Dynamic Interfacial Architectures: Cruciferin-Stabilized Oil/Water Interfaces for Sustainable Emulsions

Abstract

Stabilizing oil-water interfaces in emulsions by plant-based proteins provides sustainable and tunable ways for designing emulsions with specific properties, for food, healthcare, and pharmaceuticals. Cruciferin, a protein from rapeseed, has great potential as green emulsifier, but details about its structure and mobility at oil-water interfaces are largely unknown. Here, these properties are studied with small angle neutron and x-ray scattering, and neutron spin echo spectroscopy, analyzed by atomistic modelling of scattering curves and coarse-grained modelling, to gain insight into interface coverage, and molecular conformation and mobility at the interface.
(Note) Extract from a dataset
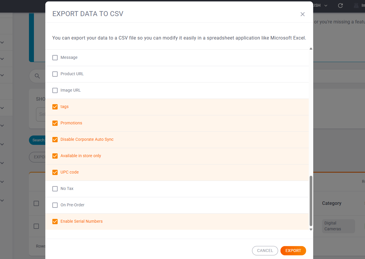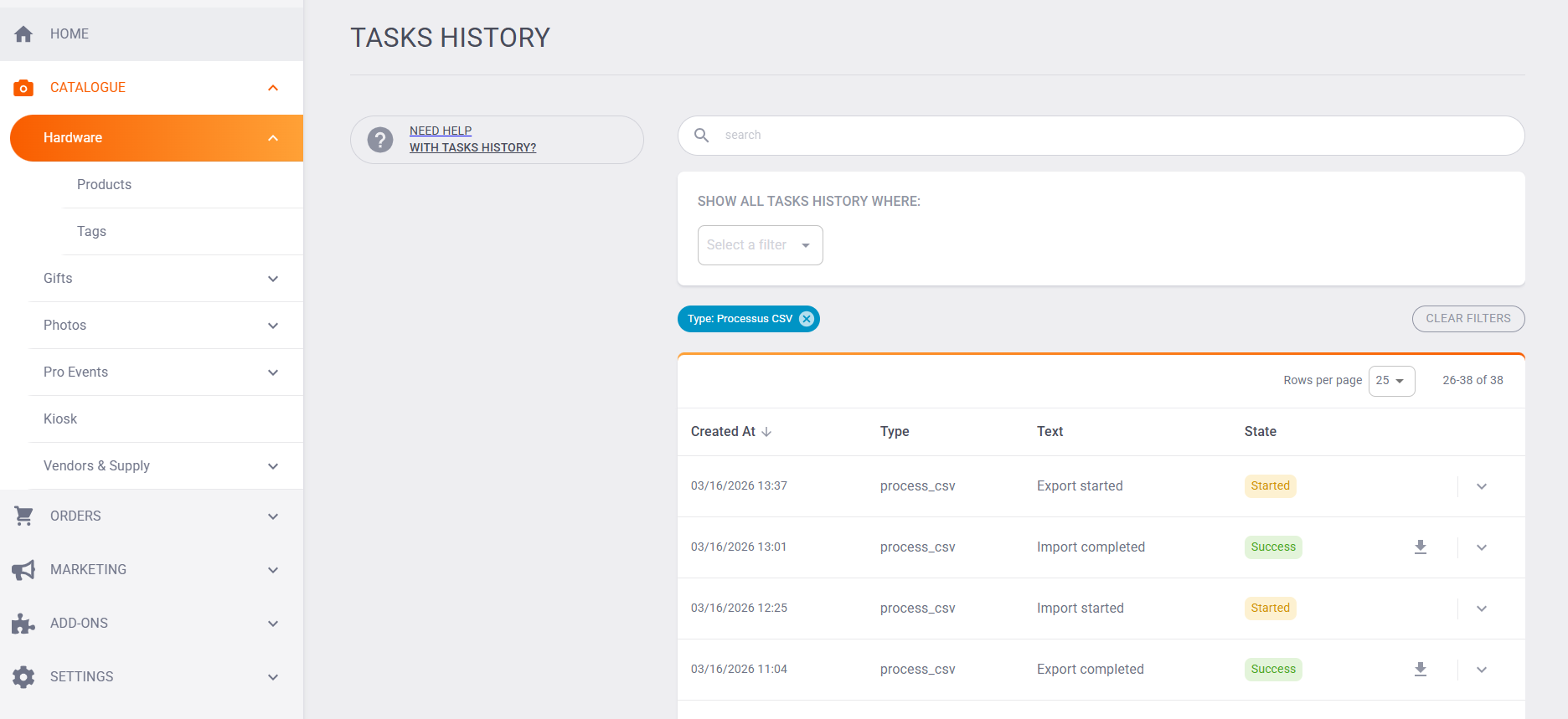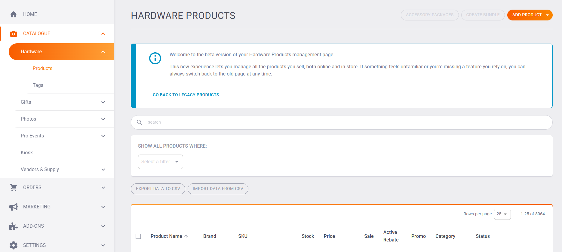 Your hardware products, cameras, accessories, and all other merchandise you sell online or in store, can be exported from the Hardware Products page.
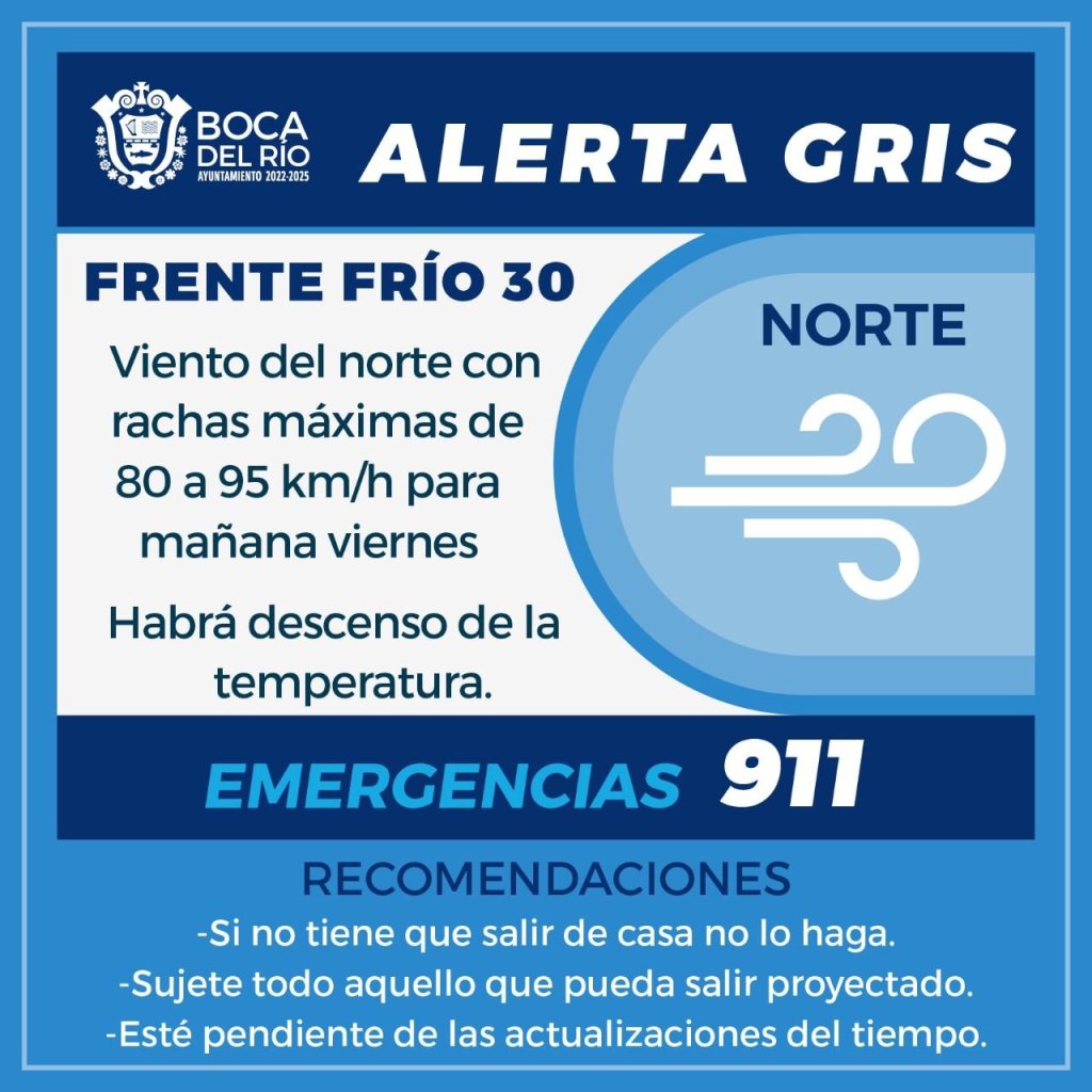 Ante la Alerta Gris emitida por las autoridades estatales por el ingreso del Frente Frío 30, Protección Civil de Boca del Río informó que se pronostica lluvia y viento del norte con posibles rachas máximas de 80 a 95 km/h para este viernes 18 de febrero.

Cruciferin assumes trimeric conformations at the interface, as in solution, but with its protrusions from the central core of the subunits (“arms”) more compressed. Interfacial mobility is only marginally lower than in solution, indicating the arms still transiently extend and preserve a network, for the first time revealing the mechanism how cruciferin forms highly elastic 2d gel-like oil-water interfaces, as observed in macroscopic rheology. The high interfacial mobility may help in self-repairing non-stabilized interfacial fractions, reducing coalescence. These findings provide a deeper molecular level understanding of proteins at oil-water interfaces, which can stimulate development of new plant-based emulsion products, and contribute to the global protein transition.